Dora Walker – Whitby’s first female Skipper
Whitby has had many interesting and quite famous characters over the years. One such person was Dora Walker.
Dora Muriel Walker was born on 2nd July 1890, the tenth child of John and Elizabeth Walker. She was born at Mirfield in Yorkshire. When she had finished her schooling, she founded the Boys Club in neighbouring Ravensthorpe, taught at the Sunday School and joined St Johns Ambulance classes.
In 1914 she joined up as a nurse in London then she went to work in Hospitals in France during the war. At the end of the war she returned to nursing in London’s East End. Dora suffered with bronchial problems after the war and was advised by her doctor to move to the coast – which she did.
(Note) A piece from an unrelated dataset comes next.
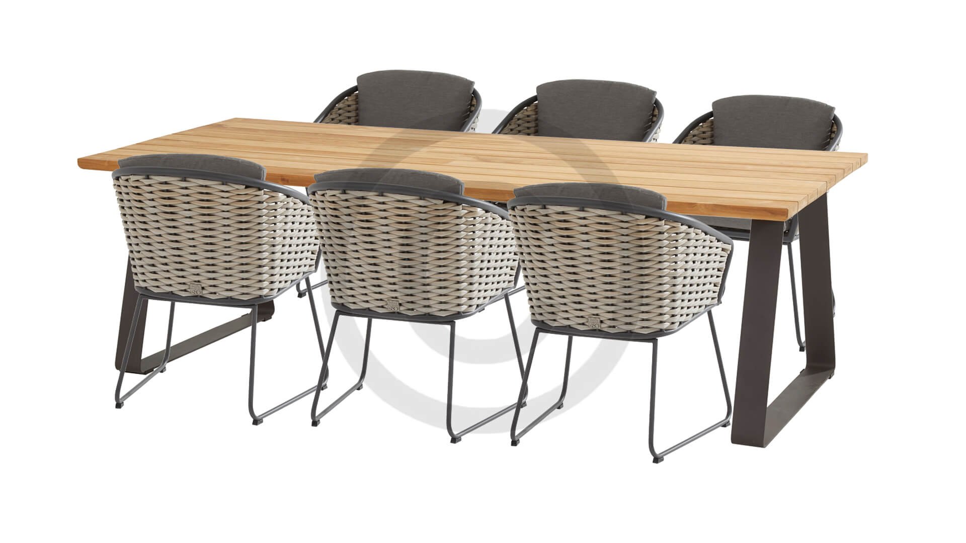 Der Taste by 4Seasons Basso 240 cm Tisch ist ein Tisch von schwerer Qualität. Das elegante Kufenbein in Kombination mit dem warmen Teakholz ergibt ein stabiles Ganzes. Das Mittelbein ist standardmäßig enthalten, aber auf Wunsch kann der Tisch auch ohne Mittelbein verwendet werden.
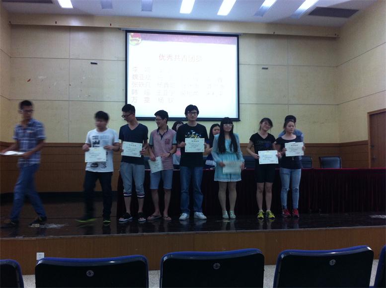宣读完表彰决定后,由团总支书记龚莉红、辅导员李迅和刘喜鹏老师向获奖的同学颁奖并予以鼓励。

She bought a house in Sandsend and a boat which she named ‘Good Faith’. She fished from Whitby, and qualified and acted as a pilot for boats through the minefields. She was the only woman skipper to hold her licence in the North Sea throughout WW2.
Dora took on Laurie Murfield as her crew. Despite the adverse reaction of his fellow Whitby fisherman, Laurie came to respect and admire Dora’s capabilities. Skilful in handing long lines and crab pots and with fine navigational skills, she became known as Skipper Dora and was accepted and respected in the fishing community.
After WW2, she created a fish company with her brothers James and Ronald. They bought fish from the local fisherman at a reasonable price to sell on to struggling families, often selling at a loss. This was kept a secret until Dora died in 1980. When she retired from fishing, she gave Murfield and his son her boat, ‘Good Faith’.
In 1946 Dora became curator of the Shipping section of Whitby Museum and also wrote a book. The book recounted tales of her adventures at sea and how she coped with such a physical and dangerous career. She was also made Vice President of the Whitby Literary and Philosophical Society and President of the Ladies Lifeboat Guild in 1952, Keeper of Whitby Museum in 1954 and a Fellow of the Royal Society of Arts in 1953.